MR. RUSSERT: Michael Beschloss.

MR. BESCHLOSS: Well, coming from Illinois, you know, we’ve got two Illinois candidates, Hillary Clinton and Barack Obama, so we’re doing well. But, you know, the one thing that occurs to me—I almost hate the idea that these polls matter this early. We’ve been talking about Jerry Ford this week. When Ford was nominated in the summer of ‘76 in Kansas City, that went all the way down to the convention. You had six months of a race between Gerald Ford and Ronald Reagan. It showed us a lot about the two guys and also how effective they might or might not be in the fall. We don’t have that anymore. This is probably going to be decided in about two after weeks after Iowa in 2008. I sure wish we went back to at least something of the old system so we all had more time.

MR. SAFIRE: You’d break the rice bowls of everybody around this table.


MR. DIONNE: But Bill is right. Hillary Clinton has one of the most formidable operations built over a very long period of time and that cannot be discounted.

MR. RUSSERT: You have front-runner-itis? You think it’s McCain vs.


MR. SAFIRE: Yes, I think so. As of now. But time and chance happen to us all and two years is a long time and...

MR. RUSSERT: But we’ll know the nominees in 13 months.

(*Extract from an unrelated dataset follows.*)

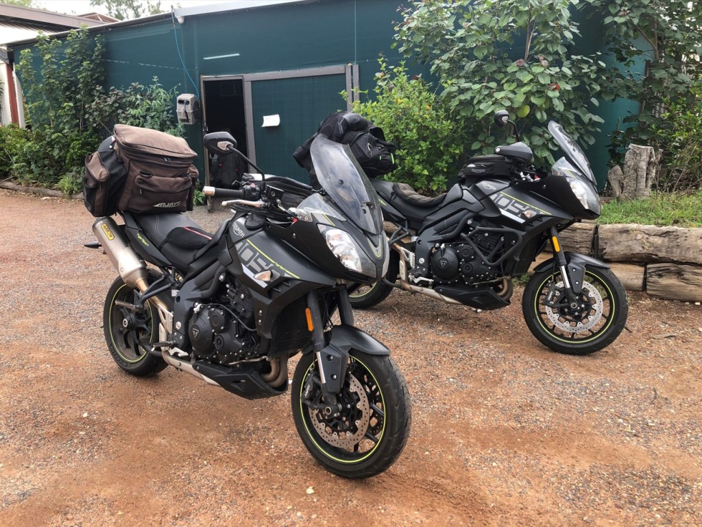 The weather held off as we pulled into Carnarvon Gorge, with an exciting creek crossing to get into the camping ground. We were in a glamping tent with an ensuite, a decision that would later to be proven very sensible. The shop contained a full selection of wines, and more Pringles, salted peanuts, and jerky so we didn’t need to buy anything, but the dinner options were looking a bit sodium enriched. We pulled up to the glamp tent, deciding that no-one had specifically said we couldn’t take the bikes through the fence and parked them alongside.

MR. SAFIRE: Thirteen months is a long time.

MS. O’BEIRNE: Because he’s so talented and the fresh face is so appealing, although I disagree, I think the, the real credible first black candidate, although he didn’t run, was Colin Powell, given his, his qualifications vs. Barack Obama. He could, he could dent Hillary Clinton’s inevitability, which is a huge asset for her at the moment, that she’d be the nominee.


MS. O’BEIRNE: And create an appetite for a new face. And if it winds up not being him because of reservations about his experience, John Edwards could benefit.

MR. RUSSERT: There was a big event at the White House a few weeks ago. One member of this roundtable was honored with the Presidential Medal of Freedom, and I would like to show that scene right now.

(Videotape, December 15, 2006):

PRES. GEORGE W. BUSH: He’s a voice of independence and principle. And American journalism is better for the contributions from William Safire. Congratulations.

(End videotape)

MR. RUSSERT: Presidential Medal of Freedom. What a rare honor.

MR. SAFIRE: I was going to wear it today, but I thought that was...

MS. O’BEIRNE: Yeah, congratulations.

MR. SAFIRE: It came as a bolt from the blue. You, you don’t lobby for it. I certainly didn’t expect it. But you sit there in the White House next to people like Natan Sharansky, the great dissident and, and historians like David McCullough and Paul Johnson, and it was quite a moment. And you do get to bring your whole family. And it knocked me out, to tell you the truth.

MR. RUSSERT: Nothing better than that.

Before we go, how about a new year’s wish for our country and our world? E.J.

Dionne, start us off.

MR. DIONNE: I would wish, would wish that Bill be right and I be wrong on Iraq.


MR. DIONNE: And that things sort of straighten out to some degree. I just think that’s a real long shot, and...


MS. O’BEIRNE: We’re, we’re at war, although too few are bearing the burden of so many of us, so you have to think about the troops in the field, it seems to me, you know, entering the new year. And I would join E.J., I hope Bill’s right about our prospects in Iraq given the, given the sacrifice they’ve made.

MR. RUSSERT: Eugene Robinson?

MR. ROBINSON: Facing the reality in Iraq and not provoking a wider Mideast war.

MR. RUSSERT: Bill Safire?

MR. SAFIRE: Remembering the, the beauty of last night’s services and of Tuesday’s service, too, that reminds us that we can remember some great things about presidents and not just tear them down.

MR. RUSSERT: Michael Beschloss.

MR. BESCHLOSS: I’ll be less lofty. I’m a big Chicago Cubs fan, I’ve got two boys who are 12 and 10, they love the Nationals. We’re just hoping for something this year.

MR. RUSSERT: Hope springs eternal. Even I couldn’t do the Buffalo Bills, my guys.

But thank you all for an uplifting conversation. Happy new year, everybody.

MS. O’BEIRNE: Happy new year.

MR. ROBINSON: Happy new year.

MR. BESCHLOSS: Happy new year.

MR. DIONNE: Happy new year.

MR. SAFIRE: Happy new year.

MR. RUSSERT: And we’ll be right back.